### Provided data ###
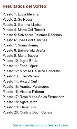 Lista de participantes: Anna Alastrue, Jennifer Ponce, Sonia Romey, Fanny porta nobell, Elena Fueyo Marcos, Ana Gilde, Cristina Duch Canals, María Rosa Fueyo, Víctor Manuel Moya Fernández, Marc Aibar Colomé, Noemí Gonzalez, Minty Ascención, Angeles Hernandez, Conrada Moreno Fernandez, Asier López de Munain, Sílvia Sirera, Melanny Osuna, Cristina Tolo Jornet, Oscar Escribano, Benjamin Palfer-Sollier, Javi Martinez Diez, Gabriella Herrera, Victoria Piñerua, Luisa Giner Rodriguez, CJulian Castellanos, Sònia Miarnau, Nubel De Amo Iván Bcn, Paola Occhipinti, Mercedes Castelló Rodriguez, Lorena Sánchez, Joan Batista Roige, Mar Solana Castro, Julia William, Marta Parera, Sandra Molina Mur, Nora Hernandez, Leire Laboreo, Carme Mangues, Susanna Valderrama Ruiz, Alina Orrico, Sandra Romero, Eduard Rubio Badia, Barbara Prieto Castro, Ingrid Botía, Stefano Paddeu, Gádor Martínez, Arnau Montserrat palou, ALICIA SÁNCHEZ SORIANO, Arantxa Palomares, Josefa Fernandez, Eloy Reche, Johnny Borrell Mannix, Dennys Jesus Toribio Pedraza, Su Rossi, Maria Pous, Judit Atalao Carrique, Sonia Ezquerra, David Simal, Ariadna Pera Cano, Laura Gallardo Molina, Alba Montes Val, Rosa Lozano Reategui, Sandra Pavon, Maria Texidor, Cristina Chocolat, tomas m javierre, Montse Viudez Ortuño, Oscar Valero, Elena Quinto Viñolo, Lorena Mora Gómez, Laura Hernandez Castillo, Cristina Muñoz, Vanda Goreti Waskievicz, Darío López, Cristina Castelló Sánchez, Jose Maria Sese Villanova, Enric Casadó Tartera, Susana Picón, Marina Torndelacreu Díez, Jose Font Sanchez, Marta Coll Torrent, Ruben Escudero Jimenez, Bodegas La Crusset / Oscar Reboredo, Noli Riesco Garcia, Vicky Molina Garcia, Ricard Curt, Olga Erra, Mònica Gelabert Diaz, Joel Atalao Carrique, Saran Donga, Aldo Jimenez, Laia Casals, Patxi El Pela, Pilar Cerrutti, Inés de Valicourt, Ariadna Soto, Veronica Garcia Arreaga, Elisabet Sanahuja, Tomas Magallon, Han Na, Roger Pedret Pijoan, Belén Martínez Noain, Luis Enrique Moreno lastra , Josep Canaves Escobairóp , Rebecca Falconi, Ana Quero, Marga Castell Barbany, Alvar gomez, Sandra Pla, Núria Sánchez Nomdedeu, Raúl Nuevo, Joanna Sánchez Rivadeneyra, Mar Hernández, Sara Ruiz Arranz, Enric López, Alexandra Bunda, Sophie Pusch, Consol Ollé, Blanca Boncompte, Katie Smitten, Ana Villuendas Esteban, Mercè Juncà, Carmen Serrano Herrero, Clara Valls Moreno , Diego Viedma, Esther López, Ana Cintora Quero, Ricardo vicente Riazor, Andrea Del Águila Pérez, Cristina Murtra, Gemma LLobet, Lena Olifirovitch, Anna Isabel Pérez Leal, Jaume Alcantara, Maria Merce Palau Imbern, Blanca Olivares Navarro, Anna Hernandez, Teresa Cabasés Latorre, Nuria Llorach Molons, Anna Rosell Belloc, Anna GP, Ramon Solà, Teresa Serarols, Maria Anguera, Miguel Garcia Cobo, Francesc Saldaña Buesa, Nati Torres, Josemari Toro, Carmen Ferrer Barbera, Miguel Montaño, Mary Pastor, Lucia Merchan, Montse Del Arco Honorato, Elisenda Morera, Angelo Landi, Maria Jose Gonzalez Navarro, Lluís Permanyer Sala, Cristina Civico Gomez, Ana M. Pulido Rodriguez, Mayte Sanchez, Carme Adalia Bartolome, Victòria Suller Loriz, Rosa Maria Salas Fernandez, Romina EC, Agata Mtnz , María Jesús Jurado Pizarro, Andrea Cortés , Mònica Benages Milà, Bienvenida Ureña, Merce Rius Almoyner, Elena Luis, Salvadora Palomar Ródenas, Dani Velasco, Jaime A González.
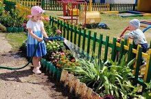 Цветочные клумбы на территории детского сада дают не только возможность ухаживать и наблюдать за цветами, но и создают хорошее настроение детям, родителям и работникам учреждения. -
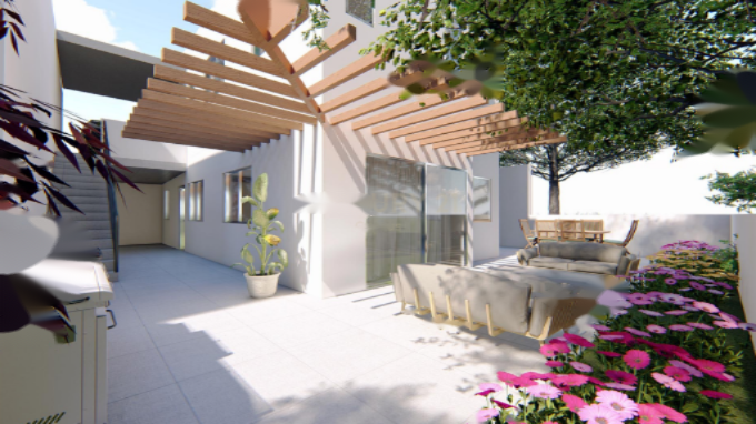Дом включает 3 просторные спальни, 3 современные ванные комнаты, а также закрытое парковочное место на один автомобиль. Он спроектирован с учетом энергоэффективности и имеет сертификат энергетической эффективности класса A.
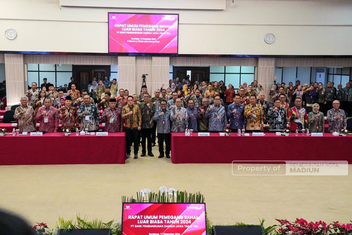 Surabaya – PT Bank Pembangunan Daerah Jawa Timur Tbk menggelar Rapat Umum Pemegang Saham Luar Biasa (RUPSLB) Tahun 2024 pada Rabu (11/12) di Ruang Bromo Kantor Pusat Bank Jatim, Surabaya. Acara ini dihadiri oleh para pemegang saham, termasuk Pj. Wali Kota Madiun Eddy Supriyanto.
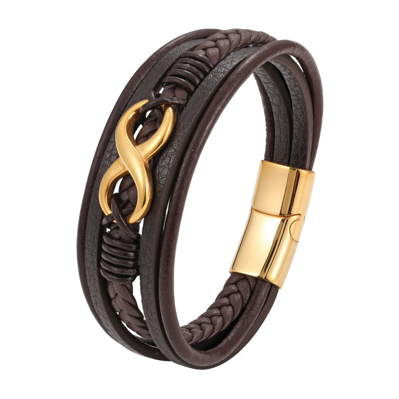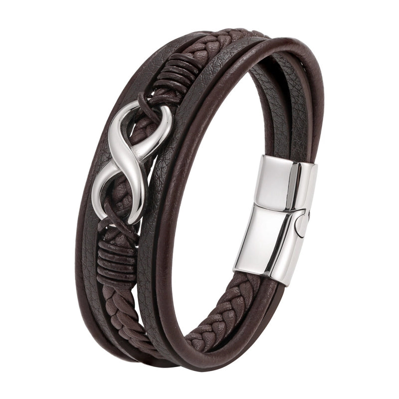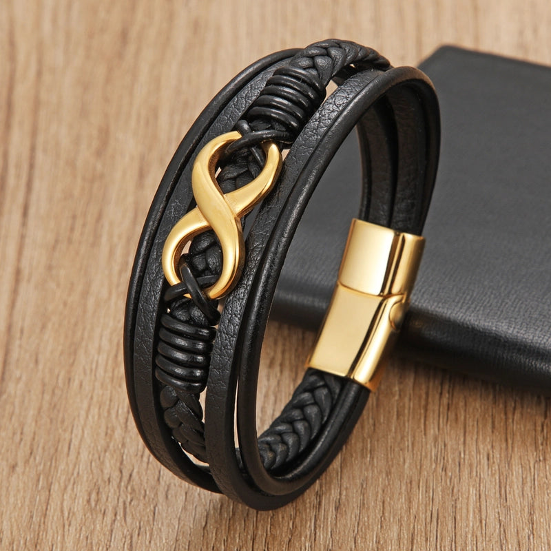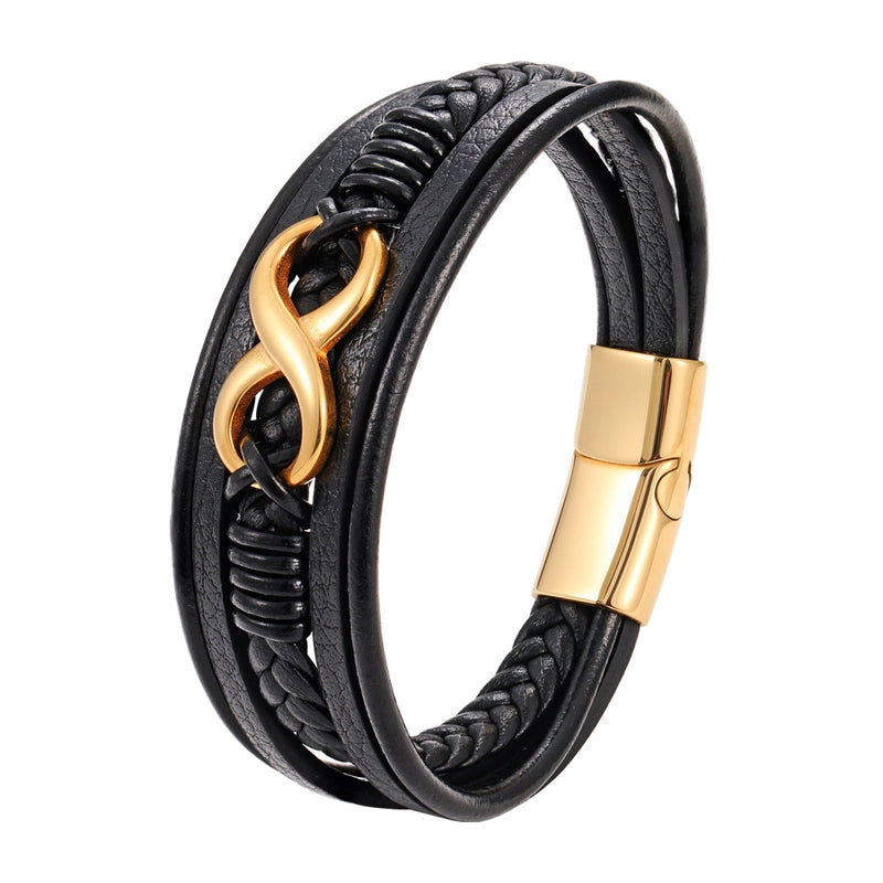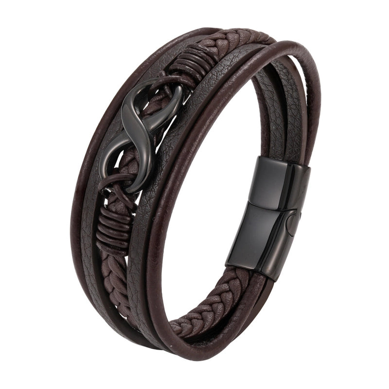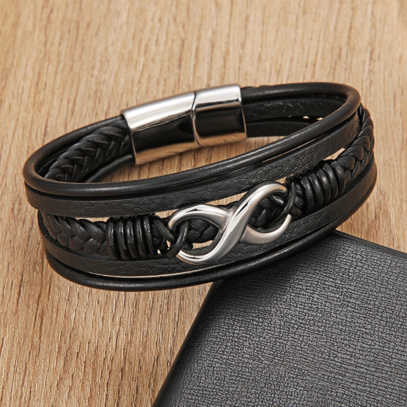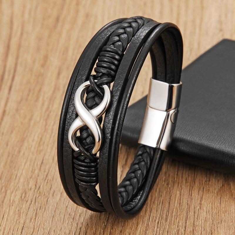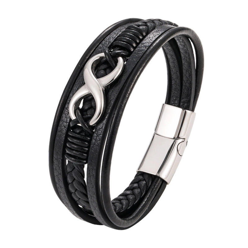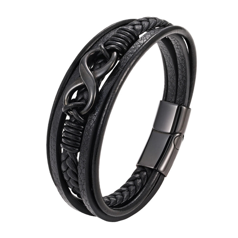 Vintage Style Classic Style Infinity Pu Leather Titanium Steel Woven Chain Wrap Bracelets
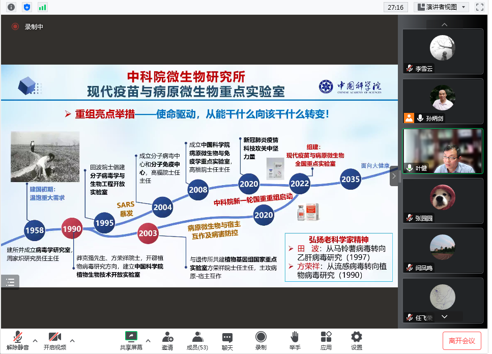 研究生作题为“微生物-作物-昆虫三者互作——植物抗虫媒病机制及其抗病应用”的学术报告。报告采用腾讯会议线上举行,由孙炳剑教授主持,学院60余名师生线上参加了本次学术报告会。
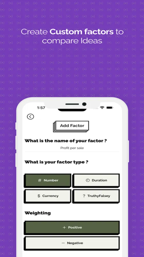 Ideate makes it easy to pick business ideas to work on. Rank business ideas based off your own custom factors .
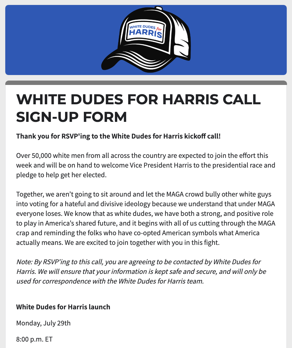 父权制度出现了一些奇怪的现象。一方面,超过80,000名白人男性显然计划今晚加入一个电话会议,支持副总统卡玛拉·哈里斯对抗“奇怪”共和党人。这里有一个官方的谷歌表格,还有一个卡车司机帽图标:
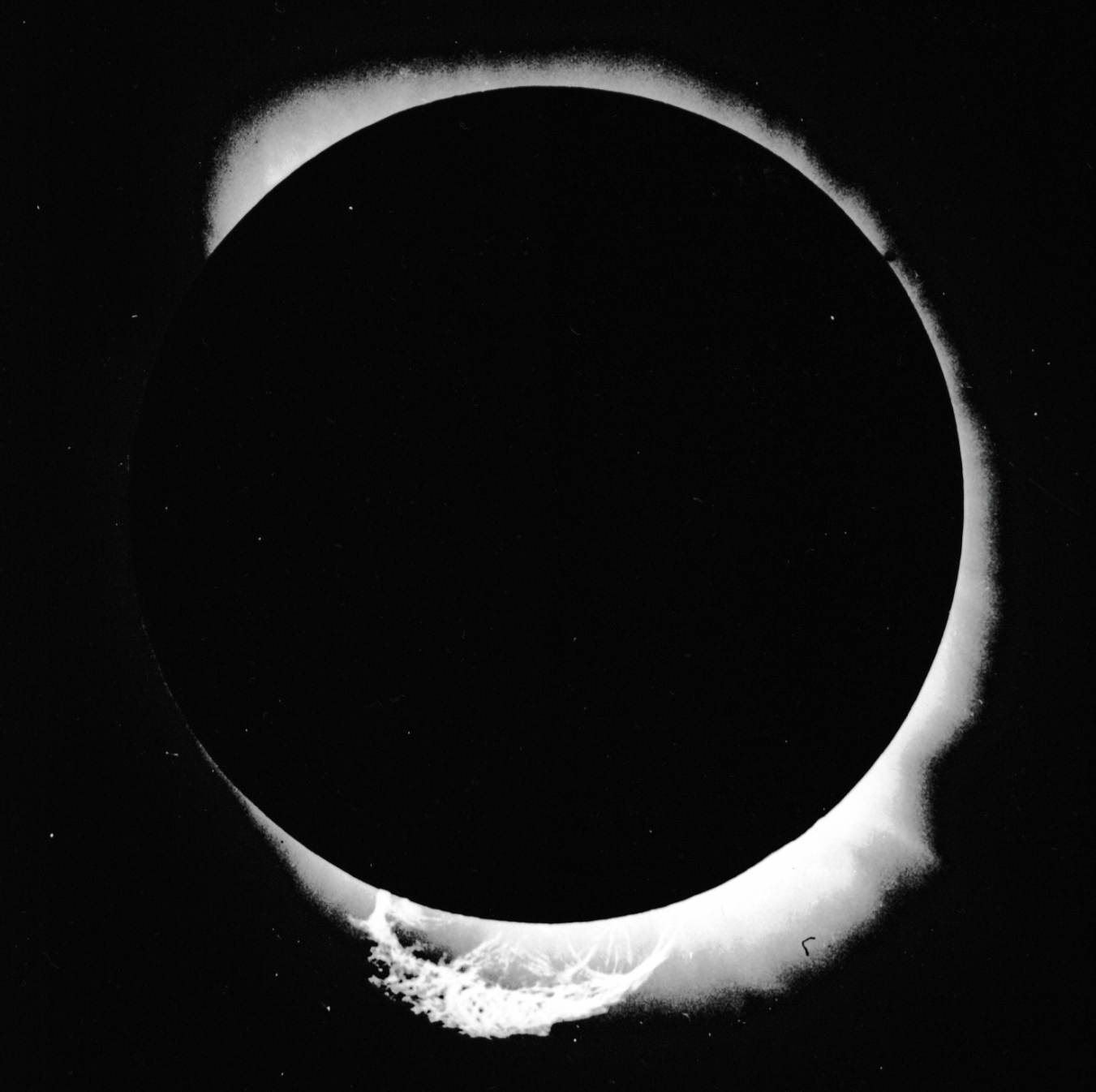 The great prominence visible here is from the famous 1919 eclipse. The photo was taken by Arthur Stanley Eddington using an Astrographic lens on the island of Principe. This image was worthless for testing Einstein’s light deflection effect. Clouds occluded the stars near the Sun but prevented overexposure of the bright prominence. (Courtesy of Charlie Johnson.)
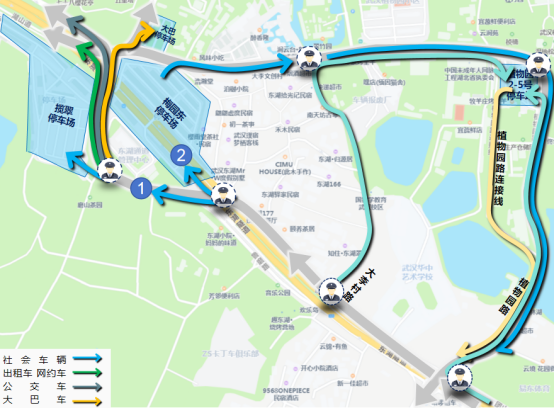 车多时,直接去植物园2-5号停车场、①号揽翠停车场(磨山樱花停车场)最稳妥。请注意!揽翠路可能会临时管制,听交警叔叔指挥就好!
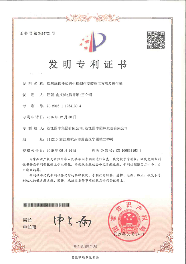 2019年6月, 深基坑鉤掛式逃生梯制作安裝施工方法及逃生梯獲得發(fā)明專利。
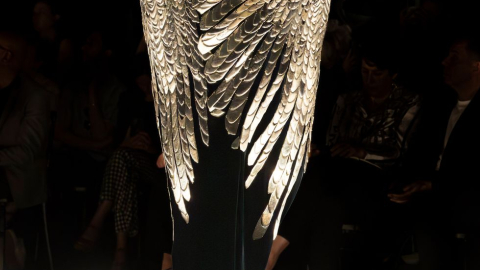 Su punto de partida fue muy cercano: la fundadora de la casa, Elsa Schiaparelli, y su capacidad para reinventarse continuamente. Específicamente, se inspiró en uno de sus looks más memorables: un conjunto con plumas que lució a principios de los años 40, en homenaje a la fallecida bailarina Anna Pavlova y su icónica interpretación del «cisne moribundo». Esta idea de un fénix resurgiendo de las cenizas dio lugar al título de la colección y a varios looks que imitaban el plumaje del ave.
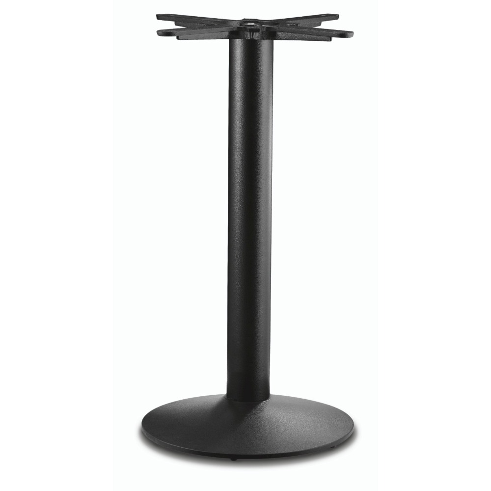 Pöydän musta valurautajalka tuo rakenteeseen vakautta. Jalan korkeus on 72 cm, pyöreän jalustan halkaisija 43 cm ja putken halkaisija 76 mm. Yläkiinnityksen 45 cm:n risti tukee kantta tasaisesti, ja musta ryppypintainen pulverimaalaus antaa jalalle viimeistellyn ilmeen samalla kun UV-kestävä pinnoite parantaa säänsietoa ulkokäytössä. Säätötassujen avulla pöytä on helpompi saada vakaaksi myös alustoilla, jotka eivät ole täysin tasaiset.
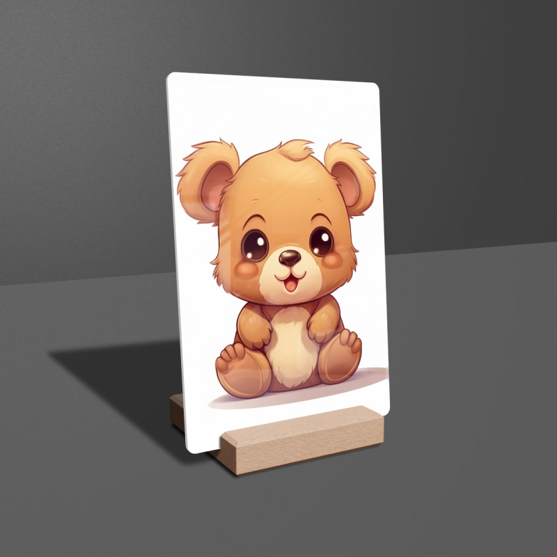 Na produktovém fotu vyobrazena nejoblíbenější varianta akrylového skla 14x21/21x14cm a dřevěný stojánek 10x10cm.
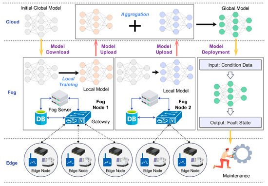 A fog computing framework fusing federated learning can be summarized from the above literature, as illustrated in Figure 8. The raw data are collected from the devices at the edge, and the collected data can be preprocessed or transmitted directly to the fog nodes. In the fog node, the initial global model is first downloaded and then trained locally. The local model in each fog node will be transferred to the cloud after training. In the cloud, the local models from each fog node will be aggregated to generate a new global model, which can be deployed to the fog node for equipment maintenance.
###
Exercise brief → From the entries above, copy exactly the lines starting at the one with "Ideate makes it" and stopping at the one with "2019年6月, 深基坑鉤掛", keeping both ends. Drop the pictures.

Output of the task →
 Ideate makes it easy to pick business ideas to work on. Rank business ideas based off your own custom factors .
 父权制度出现了一些奇怪的现象。一方面,超过80,000名白人男性显然计划今晚加入一个电话会议,支持副总统卡玛拉·哈里斯对抗“奇怪”共和党人。这里有一个官方的谷歌表格,还有一个卡车司机帽图标:
 The great prominence visible here is from the famous 1919 eclipse. The photo was taken by Arthur Stanley Eddington using an Astrographic lens on the island of Principe. This image was worthless for testing Einstein’s light deflection effect. Clouds occluded the stars near the Sun but prevented overexposure of the bright prominence. (Courtesy of Charlie Johnson.)
 车多时,直接去植物园2-5号停车场、①号揽翠停车场(磨山樱花停车场)最稳妥。请注意!揽翠路可能会临时管制,听交警叔叔指挥就好!
 2019年6月, 深基坑鉤掛式逃生梯制作安裝施工方法及逃生梯獲得發(fā)明專利。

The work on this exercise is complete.